§ What you have to do:
Look for the line that has "Measured drawing of" in the material below; please repeat it and every line after it, exactly, up to and including the line that has "Fáilte Sord 2018", and nothing else.
==================================================
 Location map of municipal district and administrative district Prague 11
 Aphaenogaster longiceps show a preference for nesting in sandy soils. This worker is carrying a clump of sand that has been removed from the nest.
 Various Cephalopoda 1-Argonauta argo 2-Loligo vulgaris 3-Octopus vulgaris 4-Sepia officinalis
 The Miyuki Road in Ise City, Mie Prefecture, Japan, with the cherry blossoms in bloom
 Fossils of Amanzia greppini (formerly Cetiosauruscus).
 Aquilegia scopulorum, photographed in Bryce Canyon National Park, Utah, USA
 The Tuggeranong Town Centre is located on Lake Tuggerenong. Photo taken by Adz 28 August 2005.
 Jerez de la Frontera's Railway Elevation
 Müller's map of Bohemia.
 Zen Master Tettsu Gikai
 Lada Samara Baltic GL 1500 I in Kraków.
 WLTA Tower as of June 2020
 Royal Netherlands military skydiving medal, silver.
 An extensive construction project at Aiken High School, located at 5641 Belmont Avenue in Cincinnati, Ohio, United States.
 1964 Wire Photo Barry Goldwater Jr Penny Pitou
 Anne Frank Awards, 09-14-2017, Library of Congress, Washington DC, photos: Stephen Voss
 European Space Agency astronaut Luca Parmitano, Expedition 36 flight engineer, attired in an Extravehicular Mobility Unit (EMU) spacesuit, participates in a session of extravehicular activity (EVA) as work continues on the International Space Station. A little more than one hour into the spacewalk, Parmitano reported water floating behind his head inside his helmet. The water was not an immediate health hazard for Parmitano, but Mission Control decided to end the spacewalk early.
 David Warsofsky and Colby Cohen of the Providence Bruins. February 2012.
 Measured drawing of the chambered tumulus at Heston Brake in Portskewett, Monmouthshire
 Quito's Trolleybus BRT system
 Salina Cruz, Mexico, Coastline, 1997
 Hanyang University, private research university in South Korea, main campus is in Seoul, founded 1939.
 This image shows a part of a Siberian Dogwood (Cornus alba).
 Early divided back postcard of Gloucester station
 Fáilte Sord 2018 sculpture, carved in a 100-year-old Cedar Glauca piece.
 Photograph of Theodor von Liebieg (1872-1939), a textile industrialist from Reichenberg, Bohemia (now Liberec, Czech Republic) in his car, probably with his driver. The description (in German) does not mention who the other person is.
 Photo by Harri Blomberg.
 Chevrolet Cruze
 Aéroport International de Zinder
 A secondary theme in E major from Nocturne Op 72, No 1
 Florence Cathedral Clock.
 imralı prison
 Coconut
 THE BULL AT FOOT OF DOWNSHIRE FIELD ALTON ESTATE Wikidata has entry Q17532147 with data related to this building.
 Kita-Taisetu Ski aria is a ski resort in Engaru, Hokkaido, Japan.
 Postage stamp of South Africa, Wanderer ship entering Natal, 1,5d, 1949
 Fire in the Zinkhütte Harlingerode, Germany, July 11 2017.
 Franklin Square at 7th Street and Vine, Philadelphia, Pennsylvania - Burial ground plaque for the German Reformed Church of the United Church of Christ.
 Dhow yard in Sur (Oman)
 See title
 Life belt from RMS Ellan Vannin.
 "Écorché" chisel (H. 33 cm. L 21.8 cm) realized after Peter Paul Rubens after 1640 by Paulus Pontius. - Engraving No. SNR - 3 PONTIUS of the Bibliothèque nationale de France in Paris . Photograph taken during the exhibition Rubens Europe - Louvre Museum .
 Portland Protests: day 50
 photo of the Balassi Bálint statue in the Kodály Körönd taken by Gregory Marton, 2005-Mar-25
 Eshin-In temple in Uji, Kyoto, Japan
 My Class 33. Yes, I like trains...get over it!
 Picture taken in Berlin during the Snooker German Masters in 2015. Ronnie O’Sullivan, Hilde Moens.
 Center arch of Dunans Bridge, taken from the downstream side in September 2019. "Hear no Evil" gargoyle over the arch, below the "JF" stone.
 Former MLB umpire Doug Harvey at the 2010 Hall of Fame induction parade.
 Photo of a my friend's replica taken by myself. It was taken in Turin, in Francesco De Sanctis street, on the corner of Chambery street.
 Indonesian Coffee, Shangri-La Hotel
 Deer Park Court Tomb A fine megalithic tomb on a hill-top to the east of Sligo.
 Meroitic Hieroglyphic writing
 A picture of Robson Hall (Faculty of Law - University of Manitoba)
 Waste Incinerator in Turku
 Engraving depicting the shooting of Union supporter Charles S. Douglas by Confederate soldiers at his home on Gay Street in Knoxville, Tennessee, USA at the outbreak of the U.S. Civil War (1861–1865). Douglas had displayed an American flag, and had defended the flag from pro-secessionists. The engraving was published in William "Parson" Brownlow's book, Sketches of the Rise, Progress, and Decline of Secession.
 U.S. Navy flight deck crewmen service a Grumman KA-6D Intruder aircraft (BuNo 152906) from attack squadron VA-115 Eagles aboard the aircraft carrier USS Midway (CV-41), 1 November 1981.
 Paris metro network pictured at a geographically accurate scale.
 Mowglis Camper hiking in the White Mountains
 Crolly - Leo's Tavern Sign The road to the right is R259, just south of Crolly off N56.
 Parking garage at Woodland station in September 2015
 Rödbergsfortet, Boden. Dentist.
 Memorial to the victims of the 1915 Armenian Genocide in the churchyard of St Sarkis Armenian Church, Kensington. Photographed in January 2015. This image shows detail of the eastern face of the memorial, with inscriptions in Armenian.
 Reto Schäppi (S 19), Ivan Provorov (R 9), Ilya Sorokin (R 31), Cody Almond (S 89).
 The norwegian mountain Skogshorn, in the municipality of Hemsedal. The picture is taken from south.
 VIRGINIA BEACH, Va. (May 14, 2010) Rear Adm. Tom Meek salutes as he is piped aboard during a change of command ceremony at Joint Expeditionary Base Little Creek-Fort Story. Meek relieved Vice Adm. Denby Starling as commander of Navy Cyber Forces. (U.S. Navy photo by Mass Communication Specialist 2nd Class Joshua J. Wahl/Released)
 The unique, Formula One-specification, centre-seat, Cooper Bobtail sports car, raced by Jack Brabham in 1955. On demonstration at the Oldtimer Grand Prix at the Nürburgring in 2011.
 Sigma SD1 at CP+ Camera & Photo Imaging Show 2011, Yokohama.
==================================================
§ Your solution:
 Measured drawing of the chambered tumulus at Heston Brake in Portskewett, Monmouthshire
 Quito's Trolleybus BRT system
 Salina Cruz, Mexico, Coastline, 1997
 Hanyang University, private research university in South Korea, main campus is in Seoul, founded 1939.
 This image shows a part of a Siberian Dogwood (Cornus alba).
 Early divided back postcard of Gloucester station
 Fáilte Sord 2018 sculpture, carved in a 100-year-old Cedar Glauca piece.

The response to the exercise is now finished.